但我们也发现新鲜和陈旧性孟氏骨折环状韧带损伤表现略不同。其中,新鲜骨折者的环状韧带下缘桡骨颈附着点撕脱,韧带主体完整,向近端移位到肱桡关节间隙内,但韧带挛缩增厚不明显,术中将其下移复位容易,并且复位后随前臂旋转再脱位趋势较小,所以仅需对环状韧带下缘进行简单修补。而陈旧性骨折者的桡骨头表面会新生一层假膜,切开假膜后才能见后方裸露的桡骨头,桡骨头后方或内侧可见明显瘢痕化增厚的环状韧带。由于环状韧带瘢痕化,使其不易被识别,因此既往有报道陈旧性孟氏骨折肱桡关节切开后发现存在阻挡复位的瘢痕组织,清除瘢痕组织后桡骨头容易复位[2, 9, 15]。本组术中我们进行了仔细解剖,发现这些 “瘢痕组织”即为瘢痕化环状韧带,韧带主体仍完整并呈环状,只是由于瘢痕化挛缩造成下移复位难度较新鲜骨折大,以及长期脱位状态使环状韧带和桡骨头匹配性较差,强行复位环状韧带容易造成断裂。因此,我们选择横行切开环状韧带以近关节囊,并向两侧充分延伸,清理瘢痕组织,松解环状韧带,使其能够顺利下移。经上述操作后如环状韧带仍过紧,可行放射状部分切开韧带紧张部、环状韧带“Z”字延长,或者切开松解环状韧带后肱二头肌肌腱部分转位修复环状韧带[12]。

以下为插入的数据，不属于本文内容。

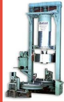
Consultant for Surgical Cotton Industries
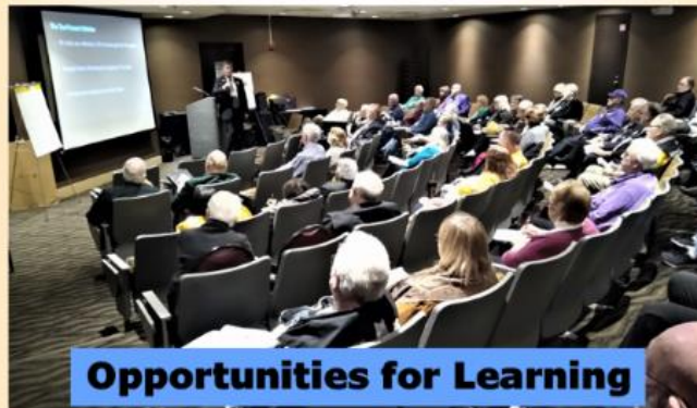
Opportunities for Learning

It's not too early to start planning for 2024.

儿童孟氏骨折多为 BadoⅠ、Ⅲ 型,环状韧带及关节囊损伤位于前方或者前外侧。为此,我们选择前方 Henry 入路直接显示桡骨头脱位和环状韧带损伤情况[19],充分暴露病变部位,拉开桡骨头后可直接观察环状韧带病理改变,并进行相应处理,手术操作方便,桡神经直接可见并利于保护。并且Henry 入路是经肌间隙进入,不损伤任何一块肌肉,切口损伤非常小,可有效预防局部粘连、异位骨化等。Henry 入路对肘关节外侧稳定结构无损伤[20]。而传统偏外偏后的手术入路(如 Kocher 入路、Boyd 入路等),尤其在陈旧性孟氏骨折中,在关节囊切开过程中可能破坏环状韧带完整性。
综上述,儿童 Bado Ⅰ、Ⅲ 型孟氏骨折的桡骨头脱位系桡骨头自环状韧带滑出而非顶破环状韧带,因此无论新鲜或陈旧性骨折,环状韧带主体均完整,可选择复位修复。同时,经前方 Henry 入路复位修复环状韧带具有符合解剖、创伤小、并发症少的特点。但本研究为回顾性研究且样本量有限,结论有待多中心、大样本前瞻性研究进一步证实。